Last fall, I spent nearly two weeks in Europe, feeling confident I’d checked all the boxes on my packing list. I had started making a packing list when we started travelling with a one-year-old and I have been using them ever since. Let me emphasize, I am very good at creating and following my lists. But there was one small detail I overlooked—my phone. I didn’t think I’d need it much since I wasn’t planning to make calls. Turns out, even if you’re not dialing anyone, online access and texting are absolutely essential. Not having texting or internet made me feel less like a savvy traveler and more like someone trying to navigate with a paper map. Folks, Google maps is an absolutely essential tool to have when you are travelling anywhere.

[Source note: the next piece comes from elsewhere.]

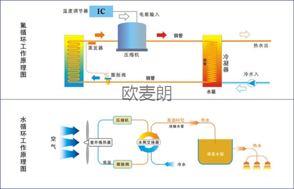 二、氟循環(huán):主機(jī)與水箱由銅管連接,依靠銅管內(nèi)的介質(zhì)輸送熱能到水箱,由介質(zhì)循環(huán)制熱的。
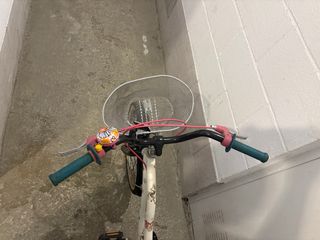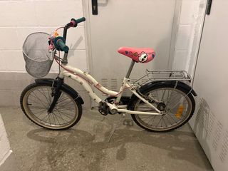 Bicicleta infantil de color blanco con detalles decorativos y cesta delantera. - Cesta de metal. - Sillín rosa con diseño. - Guardabarros delantero y trasero. - Portabultos trasero. Tiene bastante uso pero funciona en perfectas condiciones.

Without maps on my phone, I felt like Granny from The Beverly Hillbillies, wandering Beverly Hills with no clue where I was going. And finding a real map? Nearly impossible. In Brussels, I went to the Hilton’s front desk and asked for one. They handed me a "map" that was absolutely useless.
In Brugge, my luck changed, when we joined a tour group. The tour guide was about to let us loose for some alone time in the city and was discussing where to meet back. He said to type in the meet up destination and then as an afterthought he as a courtesy, asked if we all had Google maps.
I sighed quietly and nodded no hoping to go unnoticed. But no such luck. Next thing I knew, he clamped a hand on my shoulder and, loud enough for the entire group to hear, declared, “For those of you who don’t have Google Maps, there’s a visitors center with paper maps—if you can read one!”s.”
All I can say is those who laugh last, laugh best. I headed to the visitor’s center, picked up a paper map, and we wandered all over Brugge without a single wrong turn. We made it to the meet-up point with time to spare, no tech, no stress, just a little old-school navigation.
Fortunately, sightseeing in Brugge came early in the trip. Even though I can use a map, I still possess very good Tech skills so the very next day, I went online and added a European plan to my mobile carrier. From that point on, navigating the rest of our journey was a breeze.